A Real-World Mini Project
Here’s a script that parses an nginx access log and tallies requests by HTTP status code — the kind of thing you’d actually write on the job:
import re
from collections import Counter
log_pattern = re.compile(
r'(?P<ip>[\d.]+) .+ \[(?P<time>[^\]]+)\] '
r'"(?P<method>\w+) (?P<path>[^ ]+) HTTP/[\d.]+" '
r'(?P<status>\d{3}) (?P<size>\d+)'
)
status_counts = Counter()
with open('/var/log/nginx/access.log') as f:
for line in f:
match = log_pattern.match(line)
if match:
status_counts[match.group('status')] += 1
for status, count in sorted(status_counts.items()):
print(f"HTTP {status}: {count} requests")
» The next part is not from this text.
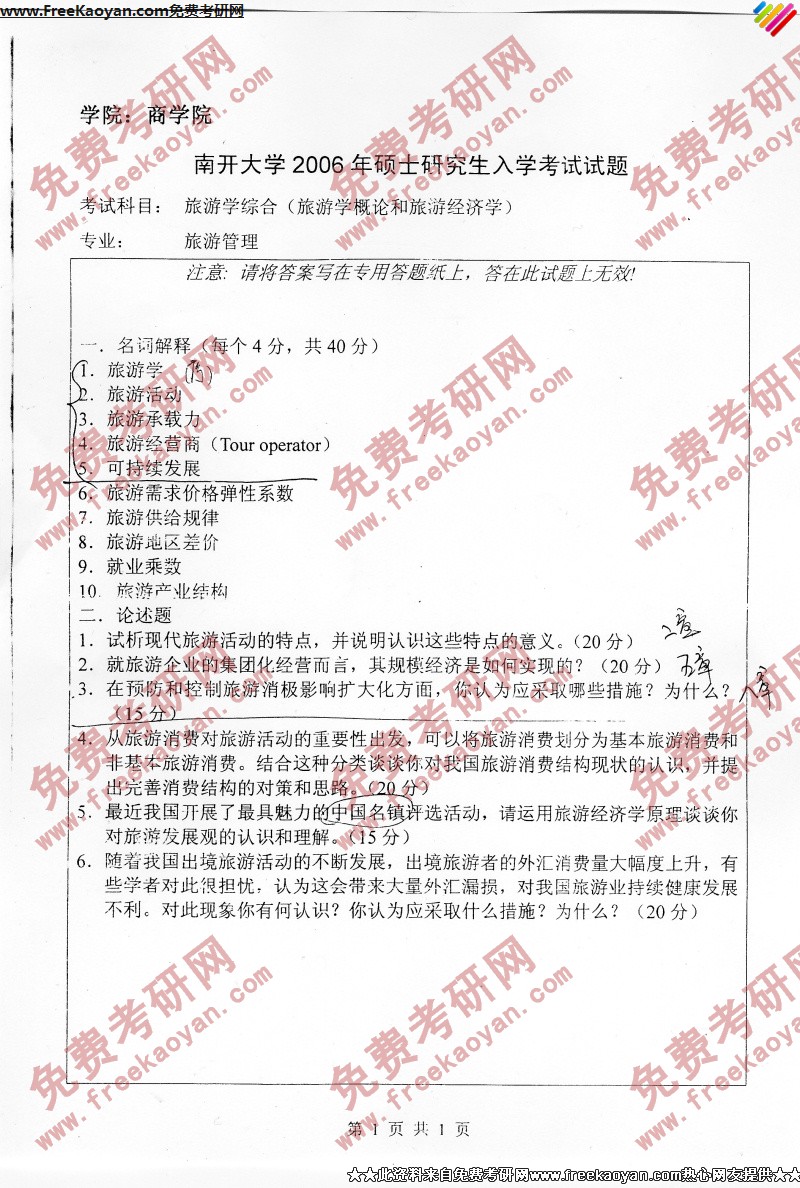 专业课考研经验 本站小编 FreeKaoyan 2018-01-23南开大学2006年考研真题-汉语
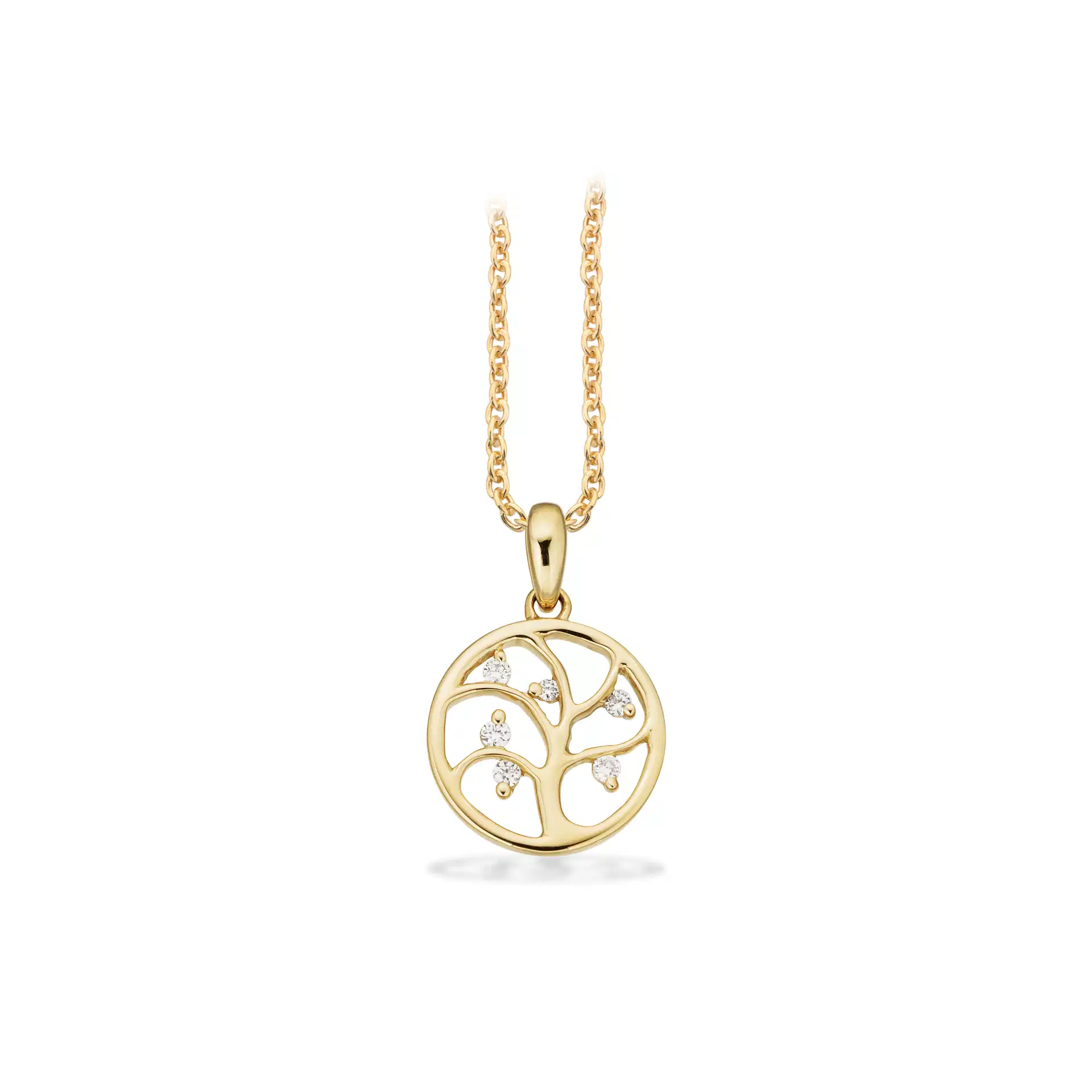 Scrouples 14 Kt Guld Livets Træ m/Brillant/ forgyldt Sølv kæde 214745

Named groups ((?P<name>...)) make the code self-documenting. You can read match.group('status') and immediately know what it contains — no counting parentheses to figure out which group number you need.
Regex feels cryptic for the first few hours. Then something clicks. Suddenly you start recognizing patterns in data you’d have looped through manually — and your code shrinks by half.